Gleichzeitig waren die beiden dominierenden Hypothekenfinanzierer der
USA vollends und die weltgrößte US-Versicherung quasi verstaatlicht worden,
während angeblich über 100 kleinere US-Banken auf der Kippe stehen.
Das Schlimme:
Durch die beständigen Abwertungen von Immobilien und Finanzanlagen
nährt sich die Krise selbst und frisst sich wie ein Wurm durch den Finanzsektor. Dadurch steht völlig offen, welche
Institutionen noch in das schwarze Loch hineingezogen werden. Die Horrormeldungen werden so schnell nicht
abreißen, wobei es eigentlich - nach menschlichem Ermessen - kaum noch schlimmer werden kann. Wenn aber
die Medien rund um den Erdball die Finanzkrise zum dominierenden Titelthema erkoren haben, ist nach unten
normalerweise nicht mehr viel möglich. Zumal:
Der Dow Jones hatte am 15.09. sagenhafte 4,4% verloren - das war der größte Tagesverlust seit 6 Jahren - und
zwei Sitzungen später nochmal 4,1%. Ein Minus von mehr als 4% gab es in den vergangenen 10 Jahren aber nur
an acht Tagen und die Kurse haben dann sofort im Anschluss oder kurz darauf in den Rallye-Modus umgeschaltet.
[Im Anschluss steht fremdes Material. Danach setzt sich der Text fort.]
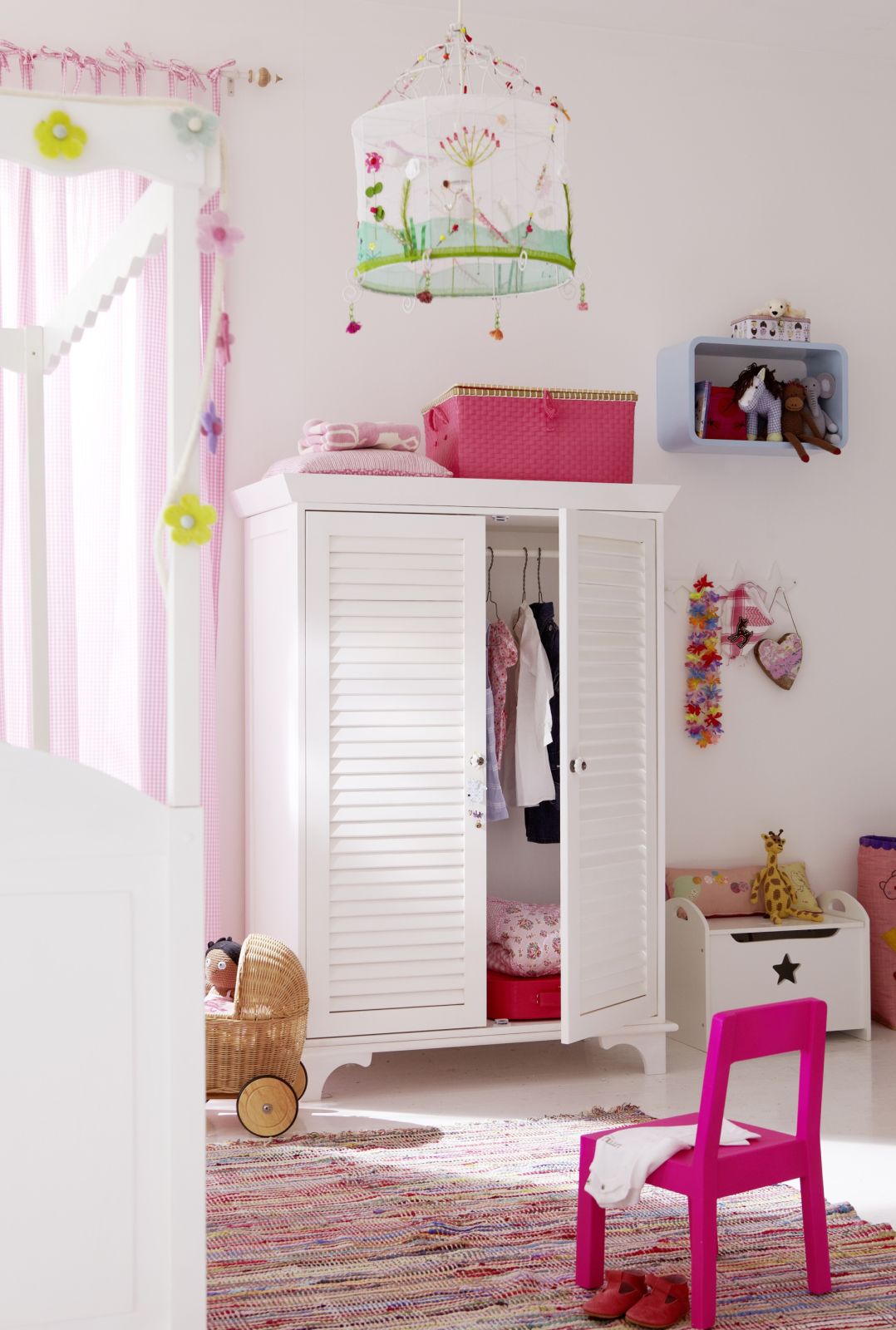 W pokoju dziecka powinna dominować przede wszystkim jasność. Stawiamy więc na białe ściany, które będą tłem dla mebli (w kolorze drewna, pasteli, ale także białych) oraz kolorowych dodatków (rolet, półek, zabawek, pojemników na zabawki).

Das jüngste Kursfeuerwerk eröffnet beste Chancen, dass auch jetzt eine kräftige Umkehr eingeleitet wird.
Dabei ist der September auch aus saisonalen Gesichtspunkten für eine große Aufwärtsumkehr geradezu prädestiniert.
Denn der Jahreszyklus lässt für den 30. September sowohl im Dax wie im Dow Jones ein wichtiges
zyklisches Tief erwarten, dem dann im Oktober normalerweise eine Herbst-Rallye folgt. Die Wahrscheinlichkeit
ist also hoch, dass die Börsen am 17.09. den Tiefpunkt der Subprime-Baisse gefunden haben bzw. bis zum
30.09. (06.10.) herausbilden werden. Das heißt:
Als Trader wissen Sie um die vielen positiven Divergenzen, die sich in den letzten Wochen herausgebildet haben.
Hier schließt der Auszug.